→ Data extract
########################################

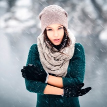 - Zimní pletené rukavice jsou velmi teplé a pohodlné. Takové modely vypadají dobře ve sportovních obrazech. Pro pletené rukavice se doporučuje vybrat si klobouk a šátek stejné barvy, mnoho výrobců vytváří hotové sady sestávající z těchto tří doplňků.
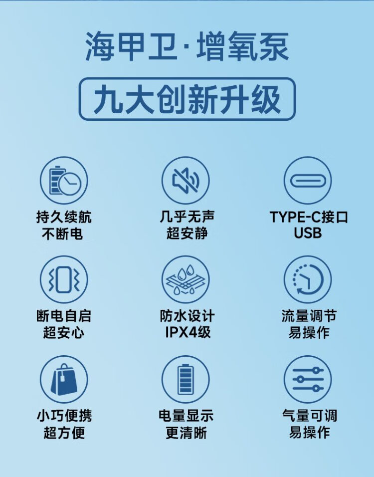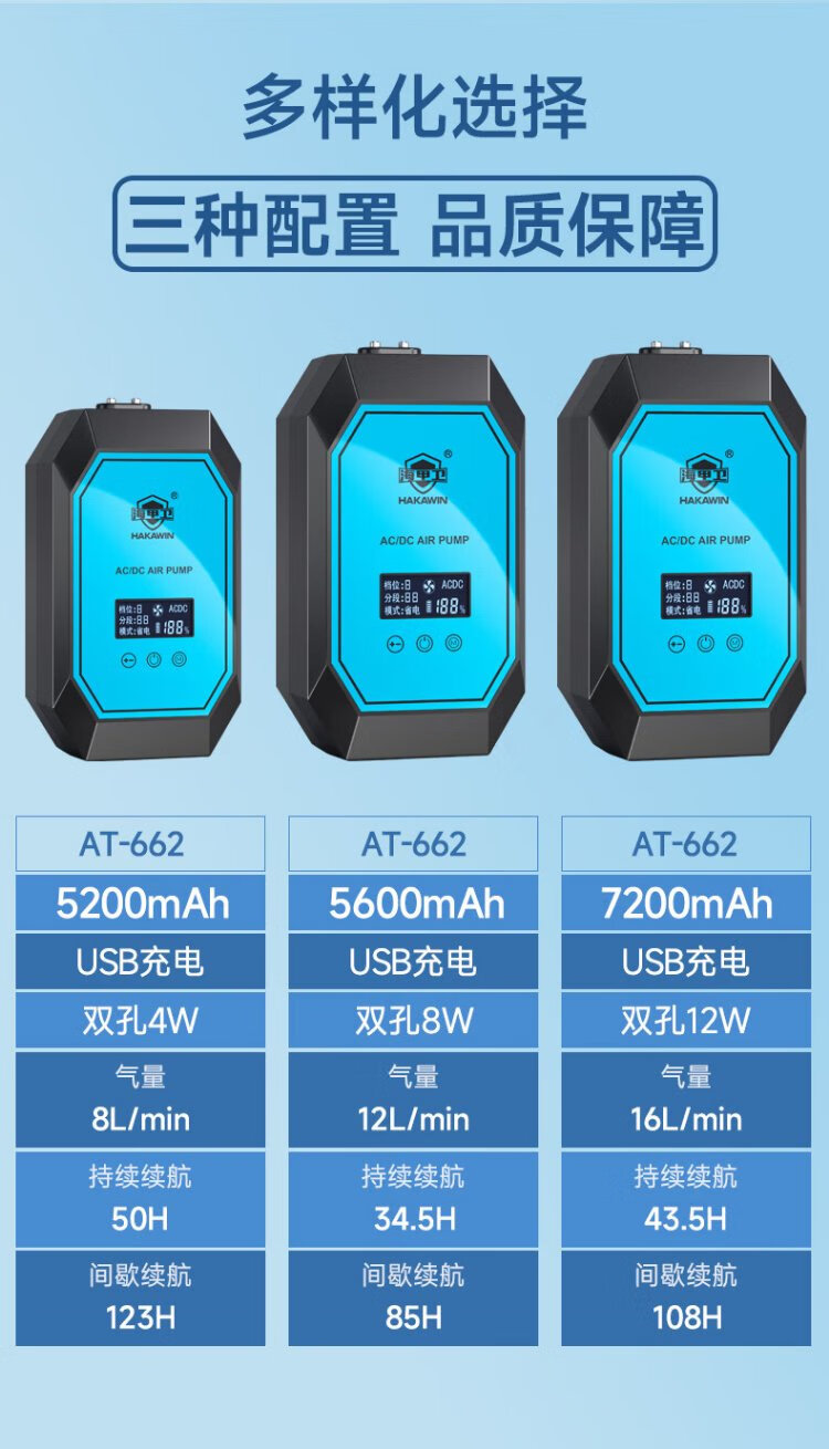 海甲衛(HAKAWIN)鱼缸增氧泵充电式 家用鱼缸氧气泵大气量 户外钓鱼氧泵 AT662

########################################

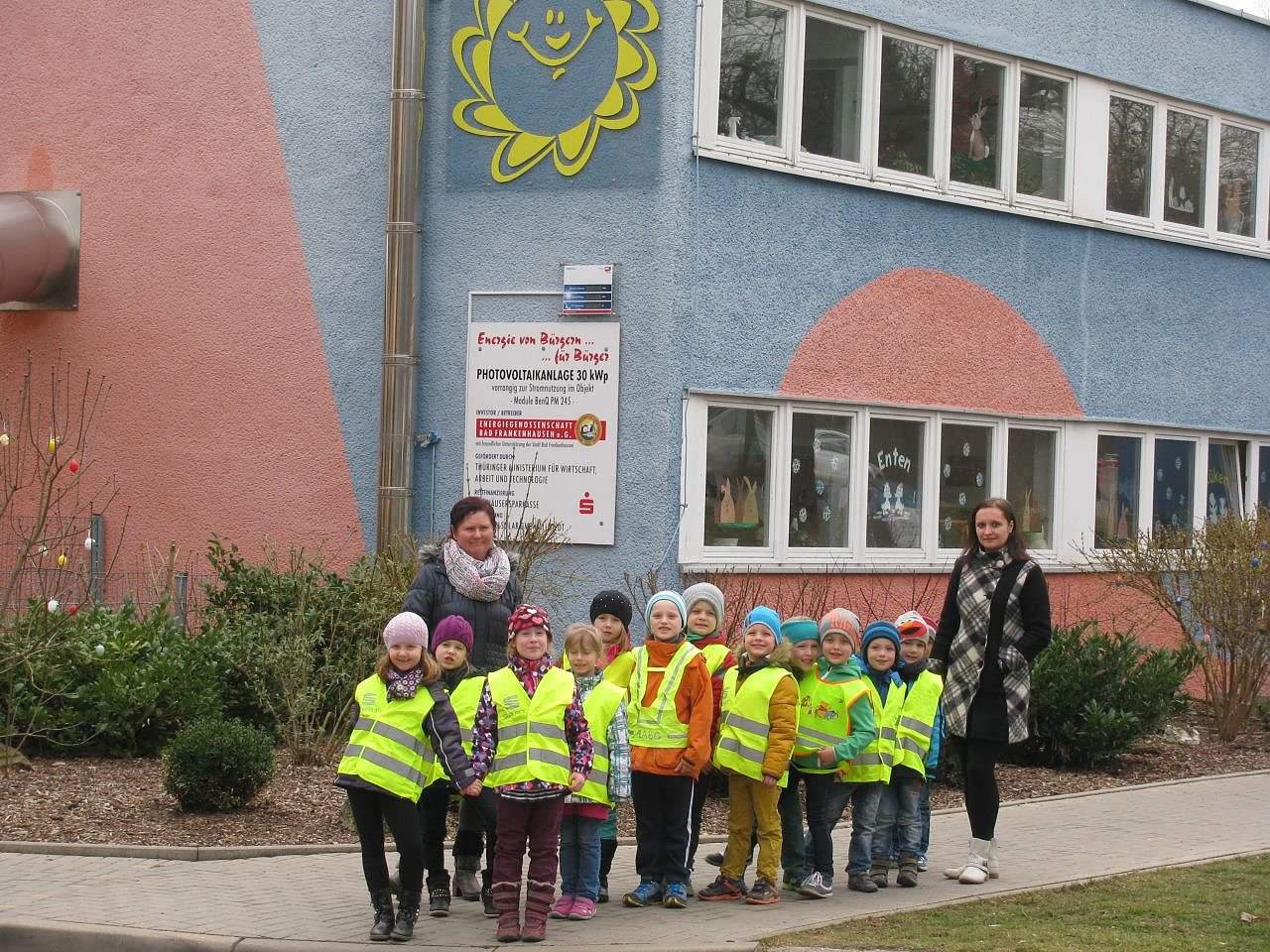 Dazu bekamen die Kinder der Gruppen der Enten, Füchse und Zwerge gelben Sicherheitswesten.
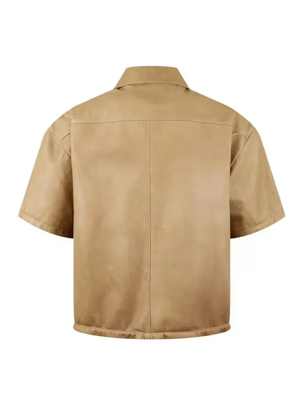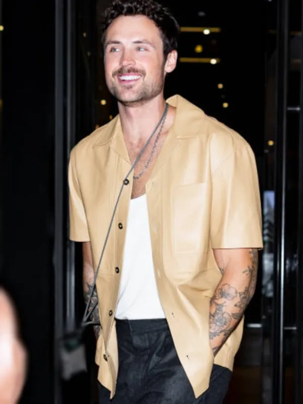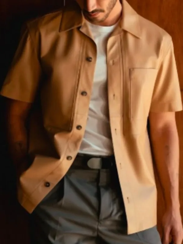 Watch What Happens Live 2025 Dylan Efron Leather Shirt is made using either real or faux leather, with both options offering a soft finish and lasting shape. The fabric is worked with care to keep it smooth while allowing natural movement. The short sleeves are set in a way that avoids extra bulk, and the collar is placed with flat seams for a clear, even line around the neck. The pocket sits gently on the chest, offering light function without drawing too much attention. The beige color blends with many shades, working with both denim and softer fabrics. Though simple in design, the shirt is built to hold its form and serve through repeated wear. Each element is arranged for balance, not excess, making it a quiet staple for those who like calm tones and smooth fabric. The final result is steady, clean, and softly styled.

########################################

→ Problem
Starting at the line containing "- Zimní pletené" and finishing at the line containing "海甲衛(HAKAWIN)鱼缸增氧泵充电式 家用鱼缸氧气泵大气量 户外钓鱼氧泵 AT662", return those lines exactly as they appear above, without the pictures.

→ Final answer
 - Zimní pletené rukavice jsou velmi teplé a pohodlné. Takové modely vypadají dobře ve sportovních obrazech. Pro pletené rukavice se doporučuje vybrat si klobouk a šátek stejné barvy, mnoho výrobců vytváří hotové sady sestávající z těchto tří doplňků.
 海甲衛(HAKAWIN)鱼缸增氧泵充电式 家用鱼缸氧气泵大气量 户外钓鱼氧泵 AT662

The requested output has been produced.